> **PROVIDED MATERIAL**:
----------------------------------------
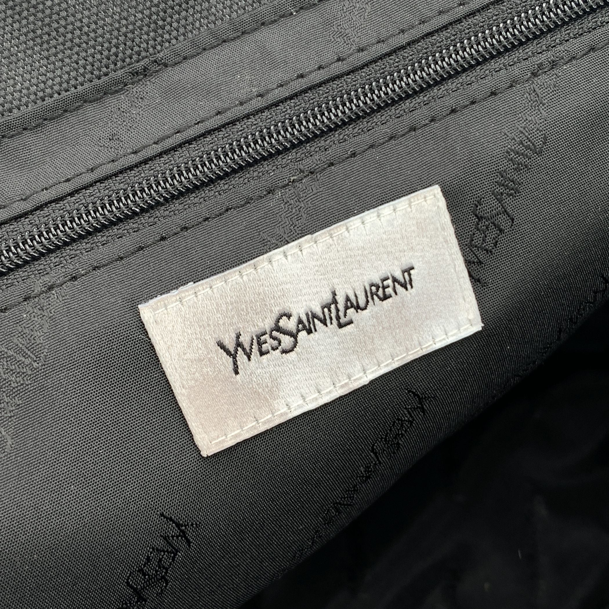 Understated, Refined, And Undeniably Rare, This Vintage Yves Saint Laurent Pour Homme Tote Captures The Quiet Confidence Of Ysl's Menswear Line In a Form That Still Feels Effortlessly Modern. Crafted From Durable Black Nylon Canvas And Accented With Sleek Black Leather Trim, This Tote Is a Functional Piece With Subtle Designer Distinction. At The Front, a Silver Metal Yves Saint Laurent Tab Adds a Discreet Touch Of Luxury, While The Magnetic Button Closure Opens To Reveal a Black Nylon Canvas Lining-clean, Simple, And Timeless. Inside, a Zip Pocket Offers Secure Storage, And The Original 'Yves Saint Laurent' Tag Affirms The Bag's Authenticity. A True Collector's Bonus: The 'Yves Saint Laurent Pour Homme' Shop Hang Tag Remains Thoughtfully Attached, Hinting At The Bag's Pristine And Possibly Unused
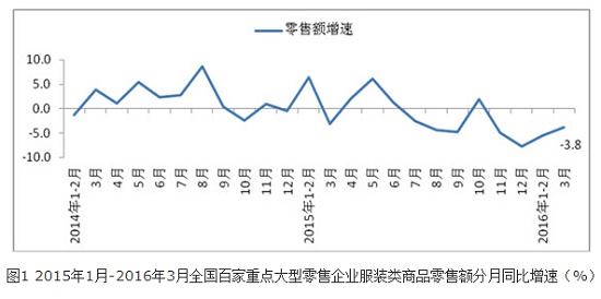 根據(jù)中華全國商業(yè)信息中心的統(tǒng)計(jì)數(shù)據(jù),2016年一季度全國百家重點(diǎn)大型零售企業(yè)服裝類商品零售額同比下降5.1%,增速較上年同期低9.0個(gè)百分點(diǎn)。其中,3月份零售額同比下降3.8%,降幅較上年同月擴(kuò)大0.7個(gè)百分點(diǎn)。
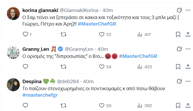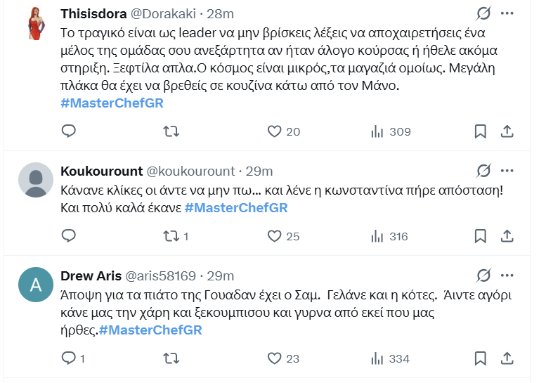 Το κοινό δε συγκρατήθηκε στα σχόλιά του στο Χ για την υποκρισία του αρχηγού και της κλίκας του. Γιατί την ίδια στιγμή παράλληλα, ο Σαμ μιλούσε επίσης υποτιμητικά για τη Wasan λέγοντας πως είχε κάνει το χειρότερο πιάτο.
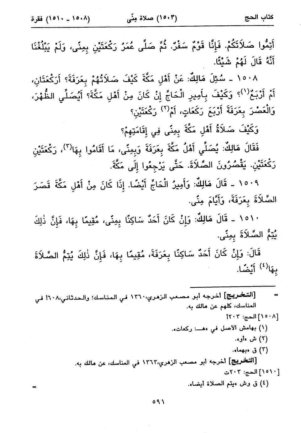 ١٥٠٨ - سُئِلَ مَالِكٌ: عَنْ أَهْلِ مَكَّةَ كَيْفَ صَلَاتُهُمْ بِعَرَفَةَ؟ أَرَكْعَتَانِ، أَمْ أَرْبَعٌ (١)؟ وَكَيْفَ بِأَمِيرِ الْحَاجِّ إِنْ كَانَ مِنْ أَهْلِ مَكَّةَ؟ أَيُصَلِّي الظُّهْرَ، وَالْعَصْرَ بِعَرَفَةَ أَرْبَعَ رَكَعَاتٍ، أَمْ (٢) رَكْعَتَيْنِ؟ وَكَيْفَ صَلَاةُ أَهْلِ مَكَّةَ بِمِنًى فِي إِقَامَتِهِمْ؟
----------------------------------------
Transcribe the listing exactly; omit all images.

> **RESPONSE BOX**:
 Understated, Refined, And Undeniably Rare, This Vintage Yves Saint Laurent Pour Homme Tote Captures The Quiet Confidence Of Ysl's Menswear Line In a Form That Still Feels Effortlessly Modern. Crafted From Durable Black Nylon Canvas And Accented With Sleek Black Leather Trim, This Tote Is a Functional Piece With Subtle Designer Distinction. At The Front, a Silver Metal Yves Saint Laurent Tab Adds a Discreet Touch Of Luxury, While The Magnetic Button Closure Opens To Reveal a Black Nylon Canvas Lining-clean, Simple, And Timeless. Inside, a Zip Pocket Offers Secure Storage, And The Original 'Yves Saint Laurent' Tag Affirms The Bag's Authenticity. A True Collector's Bonus: The 'Yves Saint Laurent Pour Homme' Shop Hang Tag Remains Thoughtfully Attached, Hinting At The Bag's Pristine And Possibly Unused
 根據(jù)中華全國商業(yè)信息中心的統(tǒng)計(jì)數(shù)據(jù),2016年一季度全國百家重點(diǎn)大型零售企業(yè)服裝類商品零售額同比下降5.1%,增速較上年同期低9.0個(gè)百分點(diǎn)。其中,3月份零售額同比下降3.8%,降幅較上年同月擴(kuò)大0.7個(gè)百分點(diǎn)。
 Το κοινό δε συγκρατήθηκε στα σχόλιά του στο Χ για την υποκρισία του αρχηγού και της κλίκας του. Γιατί την ίδια στιγμή παράλληλα, ο Σαμ μιλούσε επίσης υποτιμητικά για τη Wasan λέγοντας πως είχε κάνει το χειρότερο πιάτο.
 ١٥٠٨ - سُئِلَ مَالِكٌ: عَنْ أَهْلِ مَكَّةَ كَيْفَ صَلَاتُهُمْ بِعَرَفَةَ؟ أَرَكْعَتَانِ، أَمْ أَرْبَعٌ (١)؟ وَكَيْفَ بِأَمِيرِ الْحَاجِّ إِنْ كَانَ مِنْ أَهْلِ مَكَّةَ؟ أَيُصَلِّي الظُّهْرَ، وَالْعَصْرَ بِعَرَفَةَ أَرْبَعَ رَكَعَاتٍ، أَمْ (٢) رَكْعَتَيْنِ؟ وَكَيْفَ صَلَاةُ أَهْلِ مَكَّةَ بِمِنًى فِي إِقَامَتِهِمْ؟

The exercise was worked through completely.